Tuesday, September 25, 2012

It Wasn't Me

I was 5 years old and sent to the corner because my sister and I were fighting.  (If you are unsure of what being sent to "the corner" is, then just picture staring at the spot where two walls meet for however long your parents take to cool down from your bad behavior)  While standing there I decided to scratch my name in the paint with my fingernail.  I was so proud of myself for spelling it correctly, and then the timer beeped- time to play again!  I ran into the room, acting as if nothing had happened and then I heard my mother's voice.  "VANESSA!  GET OVER HERE!"  I walk over and see her pointing to the corner where I had been standing.  "WHY DID YOU WRITE YOUR NAME IN THE CORNER?" She asked so politely (or at least we can pretend it was since she in fact reads my blog posts).  And I, being the best child of the four, responded with, "It wasn't me!".  Oh dear, what would possess me to say that?  I was the only one standing there.  For heaven's sake it was MY name!  But now that I have said it I am committed to it.  So I stuck with it, "Stephanie must have scratched my name in the corner to get me in trouble".  Yes, that must be it. 
 
Why is it that in moments of two very clear options, we pick telling a lie instead of the truth.  If we are proud of our actions while we are doing it, we may as well be proud of it when someone asks us to own up to it.  Take responsibility, Vanessa, take responsibility!  Of course I chose to do the wrong thing that day, and I won't reveal my punishment for it.  Mainly because I don't remember.  But I was punished, I can assure you of that!
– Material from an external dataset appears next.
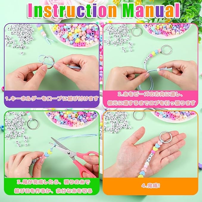 付属コンポーネント 金属製キーリング6個、紐4本、アルファベットビーズ150個、カラフルビーズ100個、ハート型ビーズ25個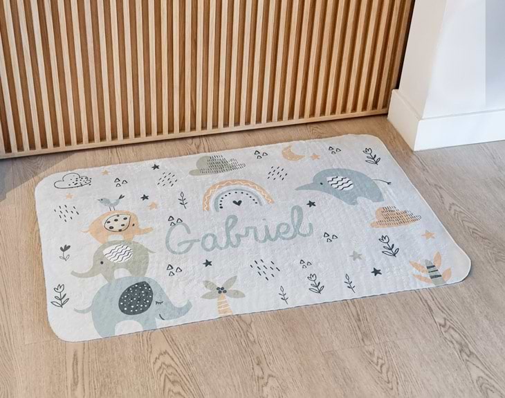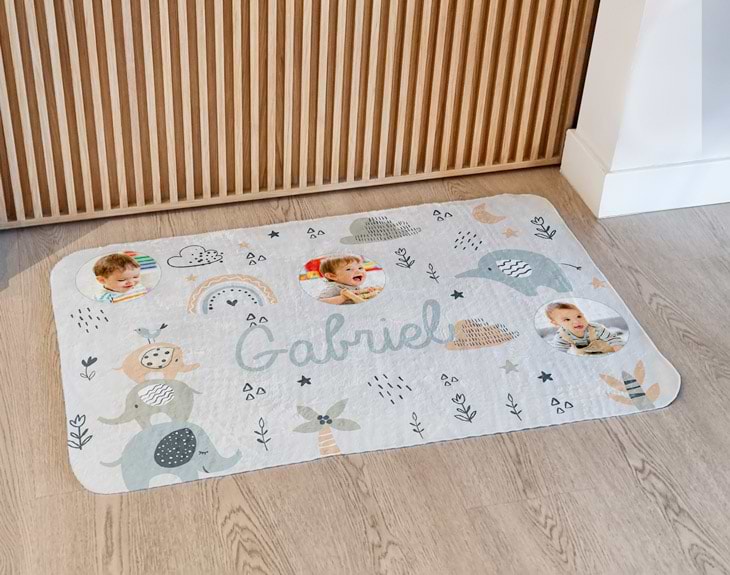 Las alfombras son el accesorio perfecto para decorar cualquier rincón vacío de nuestra casa. Consiguen aportar a nuestro hogar un toque acogedor y cálido, especialmente en invierno cuando hace frío. Si estás pensando en darle un toque especial al cuarto del pequeño de la casa, esta alfombra rectangular personalizada llena de adorables elefantes en tonos azules, es perfecta para decorar su habitación. Le encantará ver que tiene una alfombra hecha a medida y con detalles muy especiales. ¡Es el mejor regalo del mundo! Esta original alfombra es genial para sorprender a los más pequeños de la casa el día de su cumpleaños o en cualquier celebración especial. Seguro que se emocionan al recibir una alfombra llena de adorables y coloridos elefantes y en la que además podrán ver su nombre y también, dependiendo la opción que quieras, algunas de sus fotos favoritas. Será perfecta para colocarla en su habitación y que puedan sentarse y jugar sobre ella porque es súper suave y muy cómoda. ¡Les encantará! Pero todavía no hemos terminado, no te olvides que antes de recibirla tienes que personalizar tu propia alfombra. Podrás elegir dos personalizaciones distintas: en la primera solo tendrás que añadir y colocar el nombre que quieras entre los elefantes y en la segunda podrás añadir el nombre que quieras y tus tres fotos favoritas para tenerlas siempre de recuerdo. ¿Cuál prefieres? ¡Todo el mundo querrá una igual! Material: fibra sintética extra-suave y antideslizante por la parte de abajo. Medidas del ancho de la alfombra: Grande: 104 x 65 cm. Mediana: 90 x 56 cm.

Now the reason I tell you this story is to lead up to another story that is not quite as funny.  A story that I am ashamed of but, you can guarantee, learned something from. 
 
As an eighth grader I was trying to find my place amongst fellow students.  I was an odd duckling.  I didn't really "fit in".  I was a part of the christian club on campus because I could find a common bond with others who had a belief in God, but I had no real relationsihp with Him.  They were announcing "See You At The Pole" coming up and I was sure to be there.  Students gathering around a flag pole to pray for their teachers, principals, friends, family, our nation, our churches and really anything else that came to mind.  I had been to them before, it wasn't my first rodeo.  So I got to school early that day, joined hands with the other students, prayed under my breath because I was too shy to speak out loud, and continued on with my day.  I was a part of the student government and during class one of the more popular seventh graders asked me what I was doing that morning.  I pretended to act confused.  He didn't buy it, and proceeded to ask more questions.  And then I said it.  "It wasn't me!"  I am sure he didn't believe me, but he let it go none-the-less. 
 
Have you read the story of Peter where he denied Christ three times.  I felt like that had just happened.  I denied Him.  I denied knowing anything about Him.  I don't know if you have ever experienced a time when someone has asked you about your faith and instead you brushed it off but it has to be one of the worst feelings.  Being in ministry we call those "open doors"- when people willingly open the door for you to speak about your faith.  But I didn't.  I didn't share my faith.  I pretended to not even know God. 
 
I am so thankful that God is so loving and forgiving.  Despite knowing we would deny Him, He still chooses to believe the best in us.  Really read the story of Peter, God didn't erase the plans He had for him because Peter denied knowing Jesus.  In fact, Peter went on to preach the gospel, see thousands of people come to faith in Christ, and through those millions more.  God never looks at our past to determine our future.  So students, tomorrow is another opportunity for See You At The Pole.  Show up to your school early, link arms with fellow students who are committed to their faith in God, and never back down from an open door.  The thought of being made fun of can be terrifying but you should care more about their need of a Savior than their rejection.  This world needs the God inside of YOU!  Be the answer!
 
 
2 Timothy 1:7
For God did not give us a spirit of timidity
(of cowardice, of craven and cringing and fawning fear),
but [He has given us a spirit] of power and of love
and of calm and well-balanced mind and discipline and self-control.